[edit]
The Catalog Problem: Clustering and Ordering Variable-Sized Sets
Proceedings of the 40th International Conference on Machine Learning, PMLR 202:15528-15545, 2023.
Abstract
Prediction of a $\textbf{varying number}$ of $\textbf{ordered clusters}$ from sets of $\textbf{any cardinality}$ is a challenging task for neural networks, combining elements of set representation, clustering and learning to order.
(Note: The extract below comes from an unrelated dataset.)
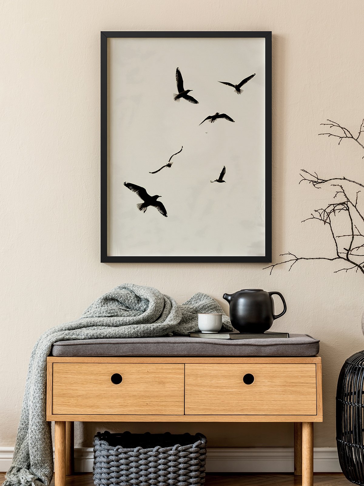 This image captures a flock of birds in flight, soaring freely in the sky, showcasing the beauty of nature and the vitality of life. The birds’ graceful postures against the vast, endless sky evoke a sense of freedom, lightness, and boundless possibilities.
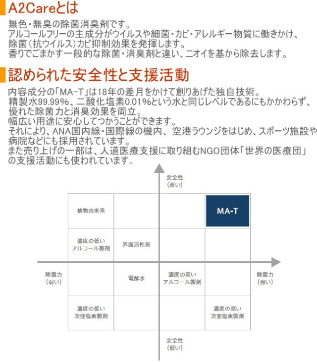 | 成分 | MA-T二酸化塩素水溶液(中性) (水:99.99%、二酸化塩素:0.01%) |

This task arises in many diverse areas, ranging from medical triage and early discharge, through machine part management and multi-channel signal analysis for petroleum exploration to product catalog structure prediction. This paper focuses on that last area, which exemplifies a number of challenges inherent to adaptive ordered clustering, referred to further as the eponymous $\textit{Catalog Problem}$. These include learning variable cluster constraints, exhibiting relational reasoning and managing combinatorial complexity. Despite progress in both neural clustering and set-to-sequence methods, no joint, fully differentiable model exists to-date. We develop such a modular architecture, referred to further as Neural Ordered Clusters (NOC), enhance it with a specific mechanism for learning cluster-level cardinality constraints, and provide a robust comparison of its performance in relation to alternative models. We test our method on three datasets, including synthetic catalog structures and PROCAT, a dataset of real-world catalogs consisting of over 1.5M products, achieving state-of-the-art results on a new, more challenging formulation of the underlying problem, which has not been addressed before. Additionally, we examine the network’s ability to learn higher-order interactions.